Group by analysis and data wrangling with R¶

Intro and Objectives¶

The term data wrangling is used to describe the process of reading, exploring, cleaning, and transforming data in preparation for modeling, statistics and machine learning. A popular rule of thumb is that you’ll typically spend 80% of total project time on data wrangling! Having done analytics work professionally both in industry and academia, this rings true. Getting good at data wrangling will pay off big time. We’ll start with basic wrangling tasks using R. Later in the semester we’ll revisit wrangling with Python and learn some more advanced methods. This does NOT mean that R can’t do the wrangling things that Python can - it can. It just makes sense to save some of the more advanced stuff like regex, JSON and web scraping until we get to Python. This will allow us to get going quicker doing statistical modeling in R. Common data wrangling tasks such as dealing with missing data and feature engineering will pop up over and over again as we get into statistical learning models.Some of the things we’ll do include:

We’ll learn about various ways to do “pivot” or “group by analysis” with a focus on the widely used dplyr package (more Hadley Wickham creations) - though I’ll also introduce classic R techniques using the apply family of functions.
reading csv, Excel, and SQLite data into R,
string and date/time manipulation for cleaning/transforming data,
tidying and reshaping data,
saving/writing data.

Readings¶

RforE - 6, 11, 12, 14-16
r4ds - 4, 6, 13-20
PDSwR - 4

Downloads and other resources¶

Downloads_EDA2withR.zip - Group by analysis using old school tools like apply along with new era tools such as plyr and dplyr. Basic date/time manipulation.
Downloads_DataWranglngwithR.zip - More on getting data into and out of R. Also, data reshaping and basic string manipulation.
Data wrangling (dplyr and tidyr) cheat sheet (R Studio)

Activities¶

Tools like Excel Pivot Tables and aggregate SQL queries are commonly used for what is known as “group by” analysis.

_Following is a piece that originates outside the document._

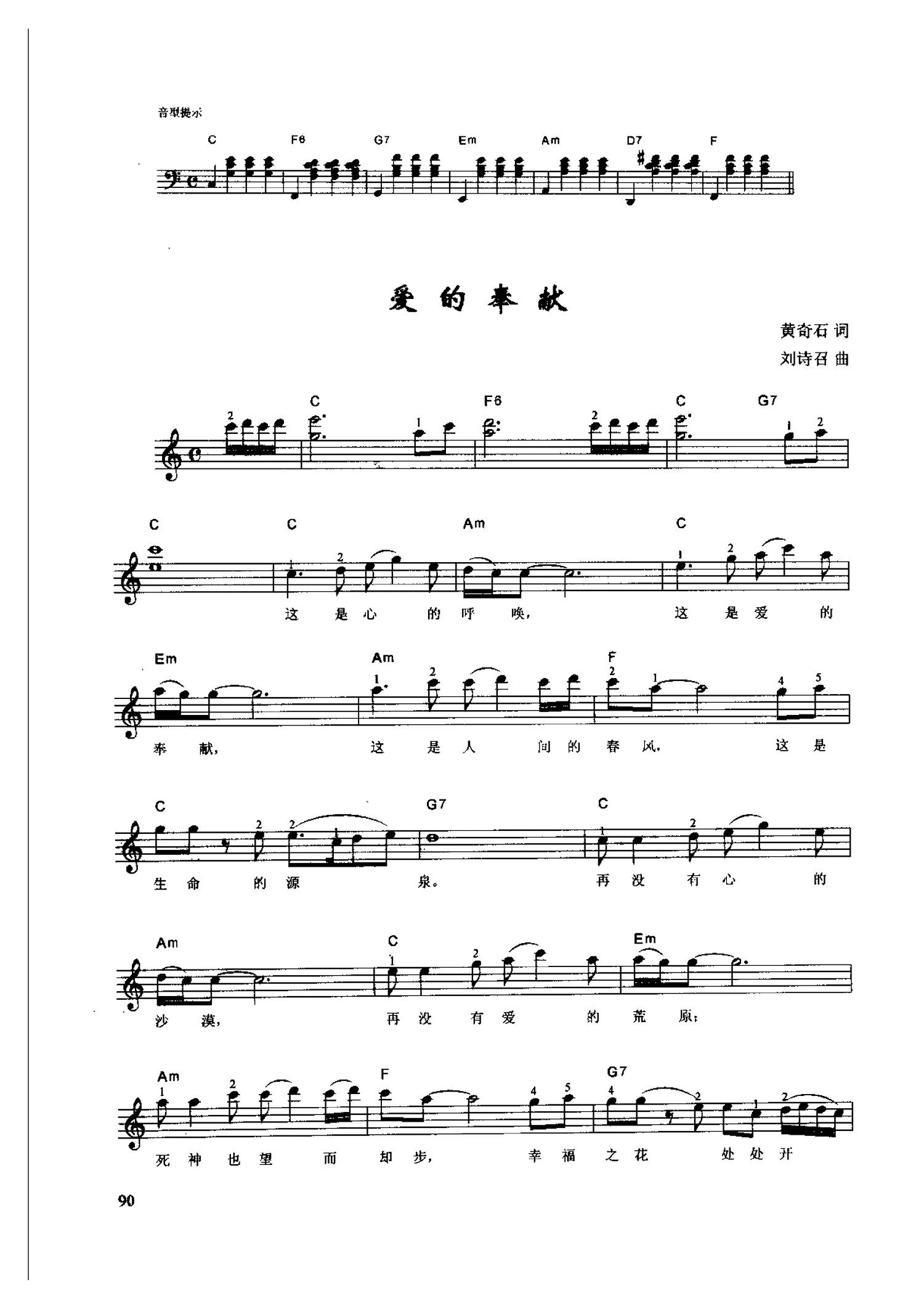 辛笛《钢琴即兴伴奏歌曲108首》之052【爱的奉献】黄奇石 词/刘诗召 曲简谱五线谱附歌词是乐器资源网于2015年10月04日 22:23:42整理更新,内容收录在钢琴乐谱栏目;乐器资源网免费分享专业、准确、规范、高清的钢琴乐谱简谱五线谱歌词等电子版资料,欢迎在线免费下载;乐器资源网无需注册会员,即可直接免费下载各类乐器学习相关资源。

We’ll start by learning about the new dplyr library - think pivot tables but way more powerful.

Here’s the name of the file we’ll be using. * GroupByAnalysis_dplyr_basics_shell.Rmd

I’m going to break this up into logical chunks.

SCREENCAST: Intro to group by analysis with dplyr (11:02)
SCREENCAST: Using filter() to get subset of rows (10:37)
SCREENCAST: Using select() to get subset of columns (4:49)
SCREENCAST: Using mutate() to compute new variables (12:06)
SCREENCAST: Using summarise() to do aggregations like sums, counts, means, … (20:03)
SCREENCAST: Using dplyr with databases (6:14)

If you have the time and interest, check out the “old school” approach use base R tools such as the apply family of functions as well as a tool called plyr.

GroupByAnalysis_oldschool_notes.Rmd (OPTIONAL)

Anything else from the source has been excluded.